I have a pal who cannot sleep, wasn’t a good sleeper even when she was a child. She is ancient now and it has only gotten worse, so she decided to try one of those weighted blankets.
You know the ones, kind of like a thunder shirt for dogs, but a blanket, which is heavy and is supposed to provide a nice hefty sense of safety to calm you and send you off to dreamland.
She says it works, sort of, but that some nights it is like sleeping in chain mail, and once she gets settled she can’t extricate herself from the bed until morning. I am not sure what happens in the morning that makes it easier, but this is what she says.
And I know it is the truth, because she sends us Snapchats in the middle of the night, all in the pitch black, just her groggy voice reporting she isn’t asleep, she can’t move, she might die in the night and she wishes us a fond farewell.
An hour later she sends another Snapchat, still nothing to see but a pitch-black screen, and her voice, sleepier now, letting us know she is has been napping and she thinks she likes her blanket after all, and she will talk to us in the morning.
I read them in a dutiful manner, usually around 4:00 a.m., when I awake against my will, no spring chicken myself. Her Snapchats tickle me but I think she is excessive.
Excessive, obsessive, even about that weighted blanket, that is until I bought a really nice set of sheets back in the summer, and then I knew what true obsession was.
I researched them, compared thread count and finish, made note of provenance and then sussed out if they were both organic and Oeko-Tex certified which means the linens are processed without the use of any toxic chemicals, right down to the threads and buttons, and even the testing process for those chemicals is environmentally responsible. The EU is all about the Oeko-Tex certification, and we know what they are like.
If these sheets were chickens they would be free range.
I didn’t even know I cared about Oeko-Tex certification, but once I read about it, well, I just had to have it. I settled on a set, which I like very much, and now I, too, am all about my bed and my sleep hygiene.
Which is a thing.
As winter approaches, I want a down comforter. I have a lightweight fiberfill comforter I like, but it doesn’t give me that “roasting on an open fire” feeling I find myself craving, so the hunt is on.
The first one arrived in a box so light I thought someone had sent me fresh air, but no, there was a comforter in there, and I gave it some time alone to collect itself and fluff up to a respectable degree, but I must tell you, it was a miserable disappointment.
It was warm enough, but then, the one I have is warm enough. This one was just too feathery light, something that most of the reviews raved about. I thought I wanted something light, too, until I tried it and found I didn’t.

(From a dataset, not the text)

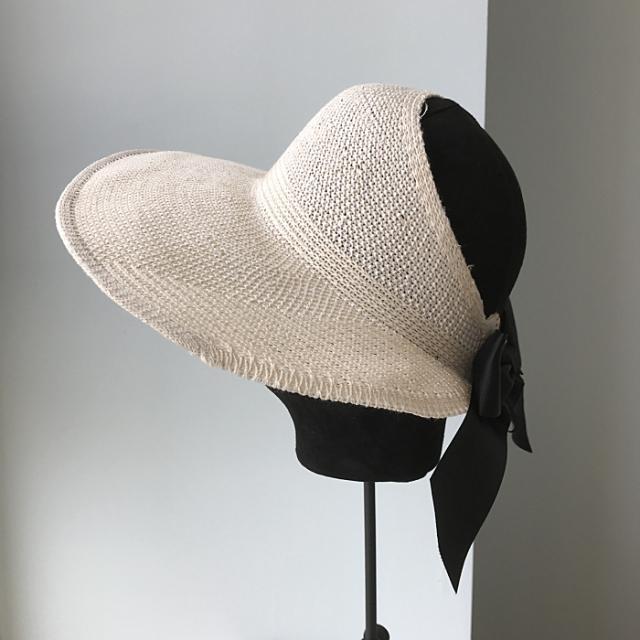 韓國版空頂帽蝴蝶結女士海邊沙灘度假棉紗防曬無頂漁夫草帽子女夏1入

It seems my friend, the insomniac, and her blanket have a point. While I want to be able to move my limbs once in bed, I think I underestimated how I associate warmth with heft, and had forgotten the importance of the weight of things. Somewhere in my quest for winter bedding, I remembered my grandmother’s quilts, and then blankets thrown over us, one at a time, as the mercury slid south.

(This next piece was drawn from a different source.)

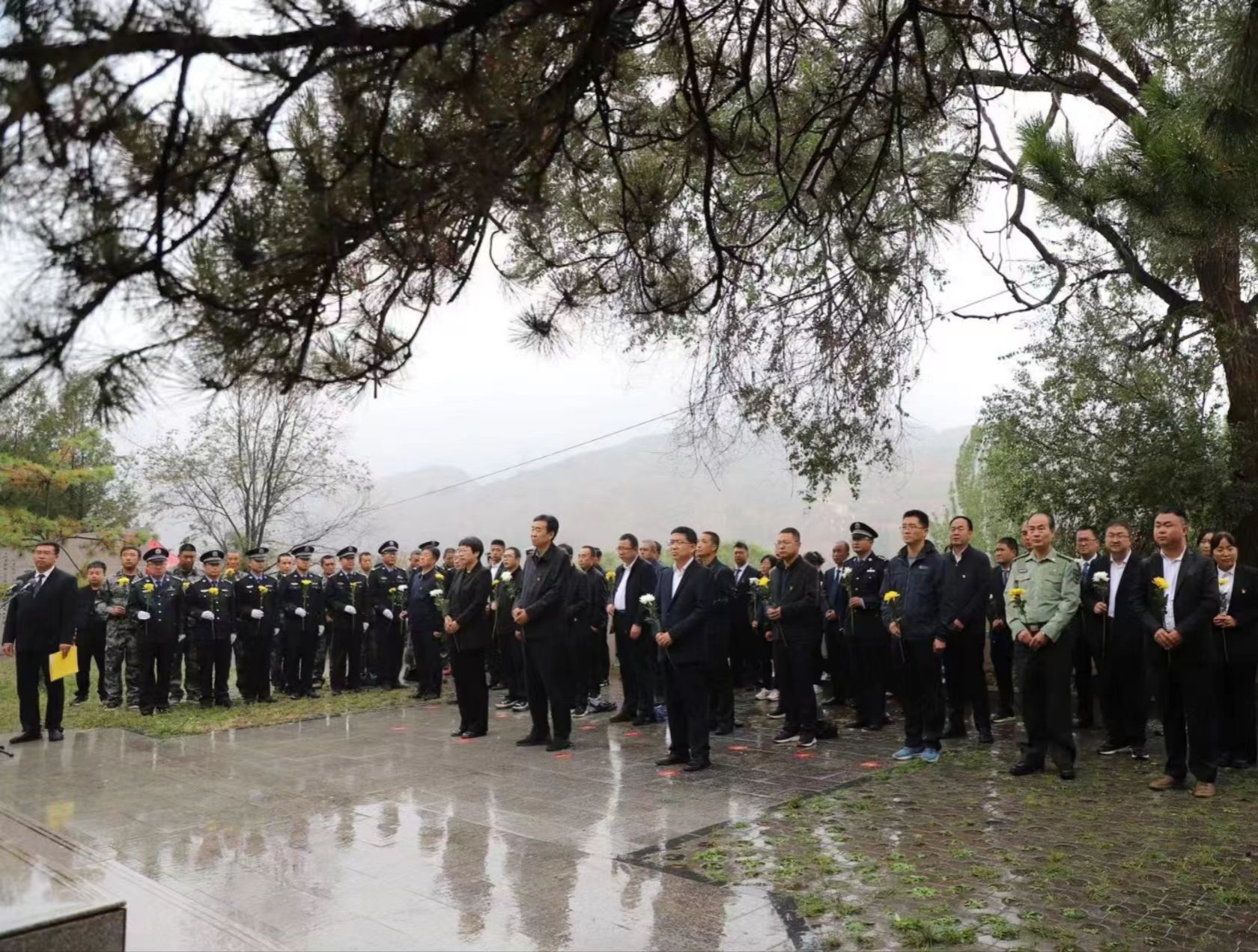 烈士忠魂千秋在,英雄浩气万古存。苍松翠柏掩映下的烈士纪念碑格外庄严肃穆。上午9时,纪念活动在雄壮的中华人民共和国国歌声中拉开序幕,少先队员献唱《我们是共产主义接班人》,全体肃立默哀,深切缅怀为国家富强和人民幸福而英勇牺牲的革命烈士。

The root word of comforter is both a noun and a verb, and that is exactly what I want for my winter bed—something warm to give comfort and to be a comfort, too. It’s harder to find than you think.
I have choices, but shew, it isn’t easy. There is fill power to consider, and levels of warmth, Hungarian white goose down vs. Siberian down vs. Michigan duck. Box construction vs. baffled, Damask, sateen or German batiste, and Oeko-Tex, most certainly, now that I know what it is.
It feels a little like choosing a career, a car or a mate. I’ll live with the decision a long time, and I want to get it right. But winter is coming. And like choosing a career, a car or a mate, it is best not to leave it too late.